Hinzu kommt ein anderer Aspekt: Die bisherigen Designerbabys wurden zur Rettung ihrer Geschwister gezeugt. Aber wo wird die Grenze sein? Denkbar ist doch auch die Zeugung zur Rettung eines Elternteils, eines nahen Verwandten, der liebsten Freundin der Familie. Und wie lange wird es dauern, bis Leihmütter Embryonen für Geld austragen, weil jemand eben dieses Gewebe braucht, selber kein Kind bekommen kann, aber über genug Geld verfügt? Doch dies sind tatsächlich düstere Zukunftsfantasien.



Der nun schon oft erwähnte Roman von Jodi Picoult wechselt geschickt und packend die Perspektiven: Mal erzählt der Vater, mal Anna selber, dann die Mutter, der Anwalt und so weiter. So kann sich der Leser in alle Seiten hineinfühlen und muss am Ende selber entscheiden, auf wessen Seite er steht.



Verworfene Embryonen



Eine Seite kommt im Roman allerdings gar nicht und in den Medienberichten beim jüngsten Fall in Spanien nur selten vor: die Seite der Embryonen, die bei dem Verfahren ebenfalls entstehen, aber dann – wie es meist verharmlosend formuliert wird – „verworfen werden", weil sie nicht ins Raster passen und der Mutter nicht eingepflanzt werden. Es geht nämlich bei der ganzen Problematik nicht nur um ein krankes Kind, dessen Familie und das nachgeborene Kind, das sein Gewebe spenden muss. Es geht auch um die Embryonen, die entstehen, dann aber für den Zweck nicht in Frage kommen. Es geht um menschliches Leben im allerfrühesten Stadium.



Im Falle des ersten Designerbabys – Adam Nash – sollen mehr als zehn Embryonen entstanden sein, von denen nur einer in die Gebärmutter gespült wurde. Die anderen wurden nicht gebraucht. Was genau mit diesen geschah, ist nicht bekannt. Üblicherweise werden die überschüssigen Embryonen bei einer PID nicht weiter versorgt und somit getötet, oder sie werden tiefgefroren, um möglicherweise später doch noch eingesetzt zu werden, oder aber sie werden zu Forschungszwecken benutzt. Letzteres geschieht vor allem in Großbritannien, wo man einen Embryo, der jünger als zwei Wochen ist, nicht als menschliches Individuum betrachtet und daher auch nicht als schützenswert.

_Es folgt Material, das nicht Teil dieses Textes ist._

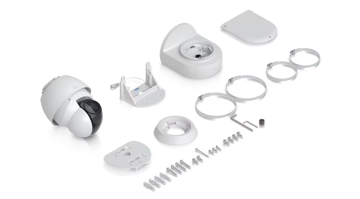 Jednou z bezprostredných výhod radu kamer UniFi AI je rozmanitosť dodávaného montážneho hardvéru. Kamera UniFi Protect PTZ nevyžaduje na začatie nasadenia žiadny ďalší nákup.
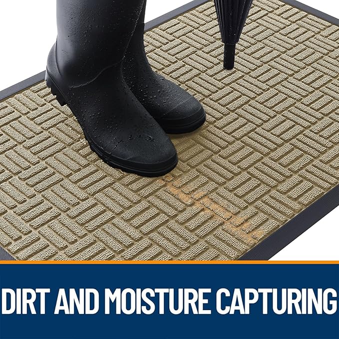 - [CAPTURES DIRT AND MOISTURE] The surface of the OLANLY door mat is made of woven polyester fabric featuring deep grooves to effectively trap dust, mud, and debris. The sturdy, beveled rubber edge prevents water pooling, ensuring a dry, clean entrance even in rainy or snowy conditions.
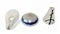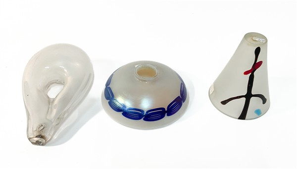 Lotto composto da un pendente in vetro soffiato incolore fortemente iridato di Vinicio Vianello; una parte di lampada in vetro soffiato acidato con macchie informali in vetro ametista scuro, rosso e celeste; e un paralume in vetro opalescente e blu fortemente iridato della manifattura Loetz. (difetti)
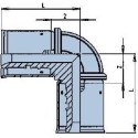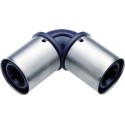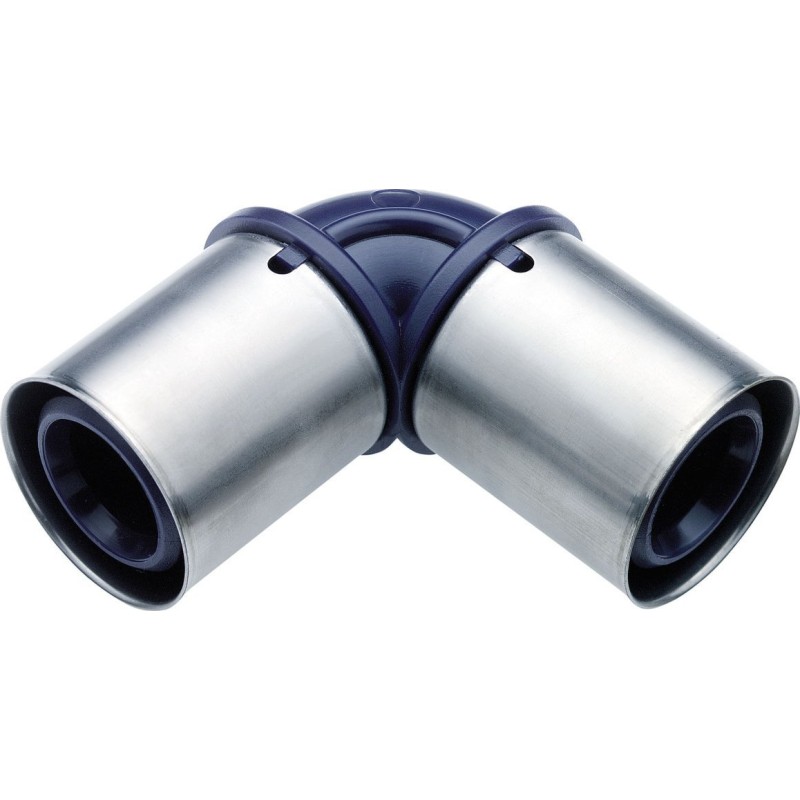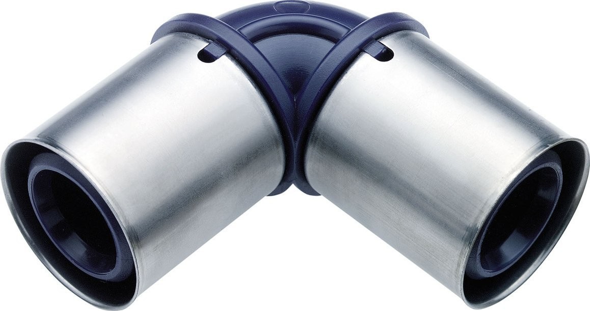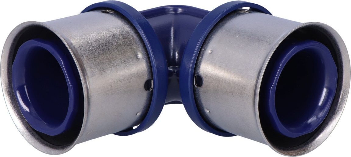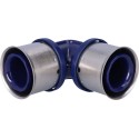 Kolano zaciskowe 90° produkowane z PPSU, wyposażone w zaciskowe obejmy ze stali nierdzewnej

Das Verbot der Methode in einigen Ländern bringt jedoch keine Lösung des Problems. Eltern, die dazu entschlossen und finanziell in der Lage sind, werden für das Verfahren in Länder reisen, wo sie diese Möglichkeit haben. Ein Tourismus ganz eigener Art kann entstehen. In Elodies Fall ist dies ja bereits geschehen.



Hat der Recht, der heilt?



Einmal mehr steht die Medizin also weltweit vor der Frage: Ist alles erlaubt, was machbar ist? Hat der Recht, der heilt? Und wie sind einheitliche Standards zu erreichen, wenn in unterschiedlichen Kulturkreisen der Wert des menschlichen Lebens im Allgemeinen und der Status eines Embryos im Speziellen ganz unterschiedlich beurteilt werden? Diese Fragen betreffen letztlich nicht nur das Thema Designerbabys, sondern ebenso die Stammzellenforschung, das Klonen, Abtreibung und viele andere Bereiche der Medizin und der Forschung.



Bischof Fürst sieht hier eine wichtige Aufgabe für die Kirche und formuliert es in seinem Vortrag so: „Der Fortschritt in Medizin und Forschung wird auch weiterhin dringend auf eine solch wache Beobachterin, kritische Begleiterin und sensible Wächterin wie die Kirche angewiesen sein."